Task statement: The answer is the full listing restated exactly, without any pictures.

Supplied material:
= = = = =
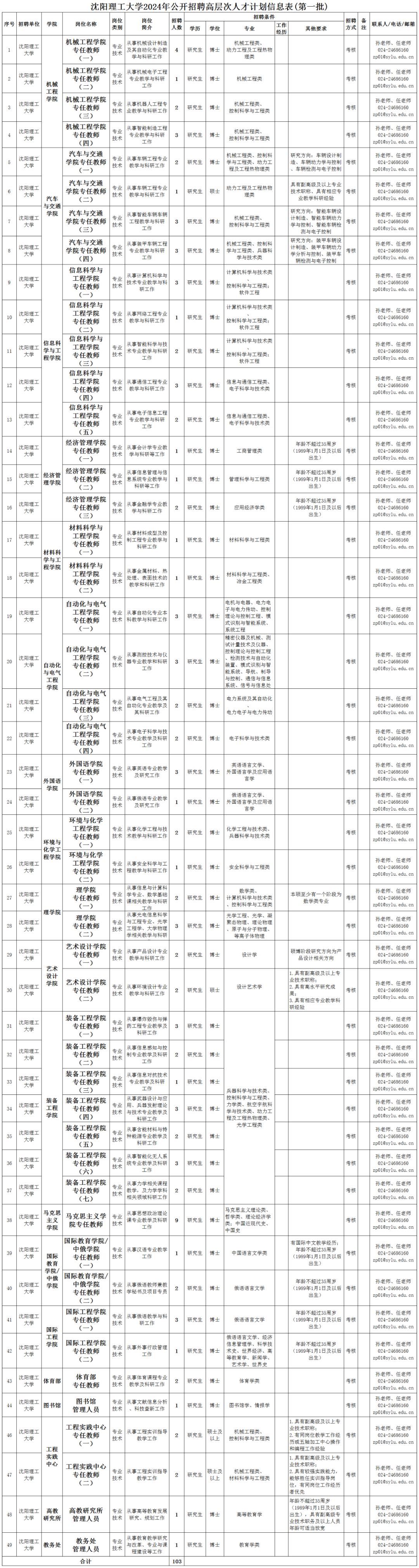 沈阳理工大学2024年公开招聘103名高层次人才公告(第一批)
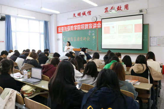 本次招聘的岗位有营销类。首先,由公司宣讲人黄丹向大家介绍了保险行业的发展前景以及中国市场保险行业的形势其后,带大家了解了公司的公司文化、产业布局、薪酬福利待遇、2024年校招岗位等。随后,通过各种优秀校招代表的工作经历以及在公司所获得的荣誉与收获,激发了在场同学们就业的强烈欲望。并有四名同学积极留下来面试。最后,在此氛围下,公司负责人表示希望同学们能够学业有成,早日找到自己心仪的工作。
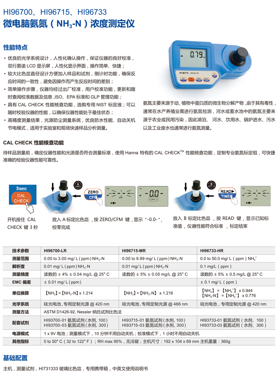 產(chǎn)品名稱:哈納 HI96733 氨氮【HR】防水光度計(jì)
= = = = =
Response box:
 沈阳理工大学2024年公开招聘103名高层次人才公告(第一批)
 本次招聘的岗位有营销类。首先,由公司宣讲人黄丹向大家介绍了保险行业的发展前景以及中国市场保险行业的形势其后,带大家了解了公司的公司文化、产业布局、薪酬福利待遇、2024年校招岗位等。随后,通过各种优秀校招代表的工作经历以及在公司所获得的荣誉与收获,激发了在场同学们就业的强烈欲望。并有四名同学积极留下来面试。最后,在此氛围下,公司负责人表示希望同学们能够学业有成,早日找到自己心仪的工作。
 產(chǎn)品名稱:哈納 HI96733 氨氮【HR】防水光度計(jì)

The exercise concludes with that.